Seven years after his last film Good Bye, Lenin!, director Wolfgang Becker is now in preparations for a second feature project entitled Oskar alongside the previously announced Ich und Kaminski.

The Berlin-based production house X Filme Creative Pool had originally unveiled Becker’s plans to adapt Daniel Kehlmann’s novel Ich und Kaminski on the eve of the 2009 Berlinale and shoot the film as a European co-production in autumn 2009 in the Alps, France and Belgium. Daniel Brühl, who became an international name after his lead role in Good Bye, Lenin!, is set to take the lead in this film which is still at the stage of preparation and financing.
 
In the meantime, Becker is now working simultaneously on preparations for Oskar which tells the true story of the very last film to be made by the Nazis in Austria’s Zillertal in April/May 1945. The screenplay will be written by fellow filmmaker Dani Levy, who is currently in German cinemas with his comedy Life Is Too Long and is a partner with Becker in X Filme.
 
Becker had first come across the inspiration for Oskar when he spent several days in July 1992 interviewing the veteran DoP Heinz Pehlke who served as an assistant cameraman on the production of Harald Braun’s romantic drama Das Gestohlene Gesicht in Mayrhofen.
 
The Alpine idyll proved such an attractive prospect for the film technicians and UFA stars suffering from the Allied bombing raids back in Berlin that the number in the crew kept on growing.
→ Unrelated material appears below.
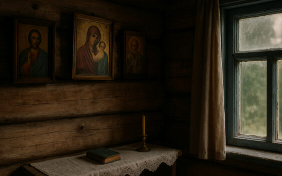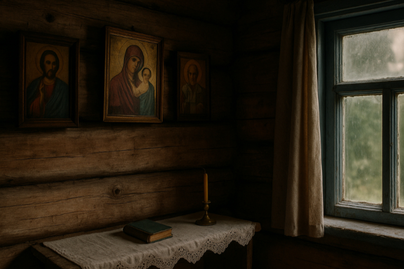 Es iegāju “svētajā stūrī” — mazā vietā lielajā istabā, kur karājās ikonas. To bija daudz. Daļa — zeltītās rāmjos, daļa — vienkāršas, no laika aptumšojušās. Uz plaukta gulēja bieza klade krāsainos vākos, veca svece un salvetīte, ko vecmāmiņa bija izšuvusi vēl pirms vairākiem gadu desmitiem.

Leni Riefenstahl and the writer Erich Kästner were among those who joined the production of Das Gestohlene Gesicht.
 
Pehlke recalls in his interview with Becker that the production had originally had a crew of between 20 to 25 people, but this expanded between March and June to 60 to 70.
 
Producer Stefan Arndt told Screen Daily that one of the two Becker projects is likely to go into production next year.